NLP Applications & Uses


NLP has many potential applications and uses. It has the potential to revolutionize the way we interact with computers and access information, making it faster, easier, and more natural for humans to communicate with machines. Some examples include:

  • Chatbots and Virtual Assistants: In chatbots and virtual assistants, NLP processes and analyzes user input, allowing the system to understand the meaning and intent behind the user's request. For example, if a user asks a chatbot, "What is the weather like today?" the chatbot can use NLP to parse the user's input and determine that the user is asking for information about the weather. The chatbot can then use this information to generate a relevant response, such as "It is currently sunny and 72 degrees Fahrenheit." NLP is also used to improve the overall user experience of chatbots and virtual assistants by allowing them to understand and respond to a wide range of input, including variations in language, tone, and context. This can help make chatbots and virtual assistants feel more natural and intuitive.

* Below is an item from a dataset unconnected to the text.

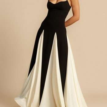 Elegant Contrast Patchwork Mesh Women’s A-line Maxi Dress
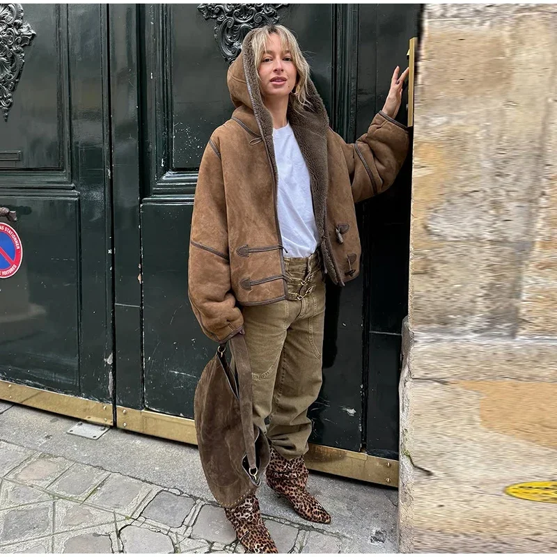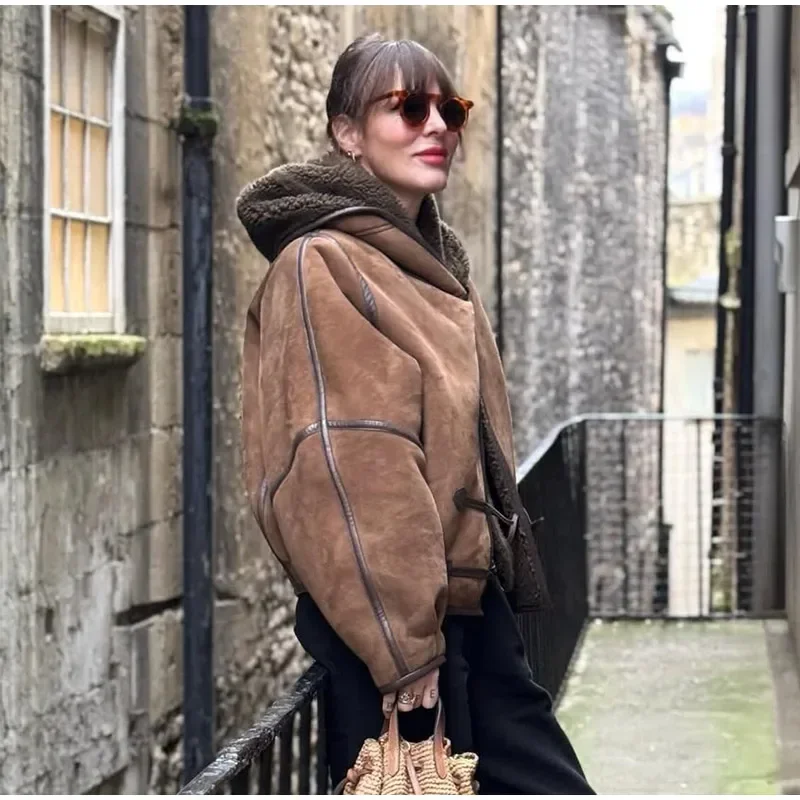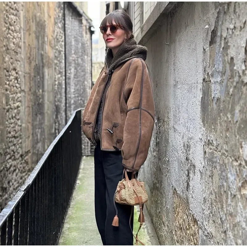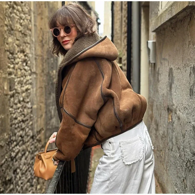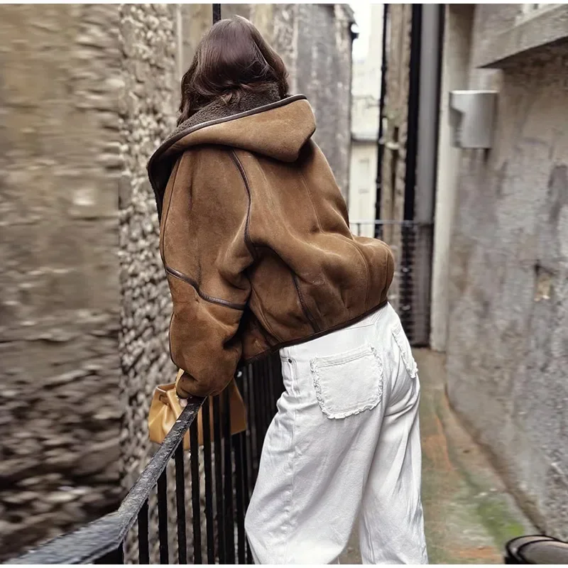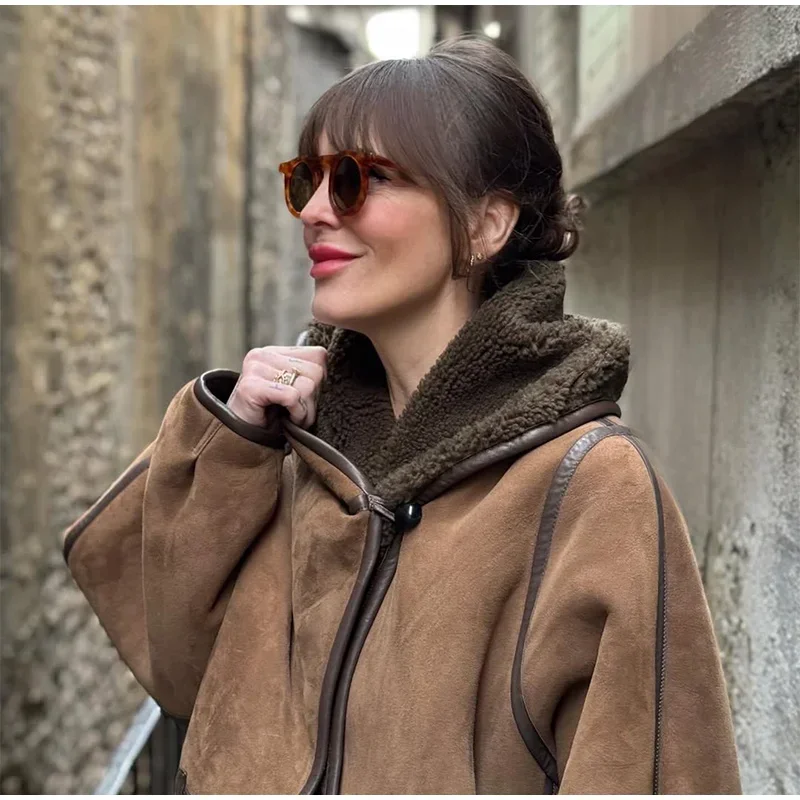 Vintage Lamb Suede Hooded Jacket Women Patchwork Long Sleeves Lapel Canvas Female Coats 2025 Autumn Winter Fashion Lady Outwears

  • Machine Translation: To improve the accuracy of machine translation, NLP systems are often trained on large datasets of the translated text, allowing them to learn the patterns and characteristics of different languages. This training process can be time-consuming and resource-intensive, but it is necessary to enable the system to accurately translate a wide range of text. There are many different approaches to machine translation, and the specific techniques used will depend on the languages being translated and the application's needs. Some common NLP techniques used in machine translation include rule-based translation, statistical machine translation, and neural machine translation.
  • Text Summarization: NLP can be used to develop systems to automatically condense long pieces of text into shorter, more digestible versions. There are two main text summarization types: extractive and abstractive. Extractive summarization involves selecting key phrases and sentences from the original text to create a summary. In contrast, abstractive summarization involves generating a summary that is a rephrasing or condensation of the original text. NLP algorithms analyze the text's structure and meaning and identify the most important ideas and concepts. This can be challenging because human language is complex, ambiguous, and constantly evolving and because people use language in varied and creative ways. To improve the accuracy of text summarization, NLP systems are often trained to learn the patterns and characteristics of different text types.
  • Sentiment Analysis and Social Media Analysis: To perform sentiment analysis, NLP algorithms are used to analyze the structure and meaning of the text and to identify words and phrases that indicate positive, negative, or neutral sentiment. Sentiment analysis has many applications, including social media analysis, customer service, and market research. It is a critical component of many NLP systems, and sentiment analysis will likely continue to be an important field research and development area.
  • Topic Classification and Information Extraction: NLP is used in topic classification to enable computers to automatically classify texts into predefined categories based on their content. To perform topic classification, NLP algorithms are used to analyze the text's structure and meaning and identify the main themes and topics covered. Topic classification has many applications, including information retrieval (such as extracting specific information from text, such as names, dates, and locations), content recommendation, and text categorization.
  • Automated Essay Grading: NLP can be used in automated essay grading to enable computers to automatically evaluate and grade written essays. To perform automated essay grading, NLP algorithms are used to process and analyze the essay's text and to evaluate various aspects of the writing, such as grammar, spelling, structure, and content. To improve the accuracy of automated essay grading, NLP systems are often trained on large annotated datasets, where the grades of each essay have been manually assigned by humans.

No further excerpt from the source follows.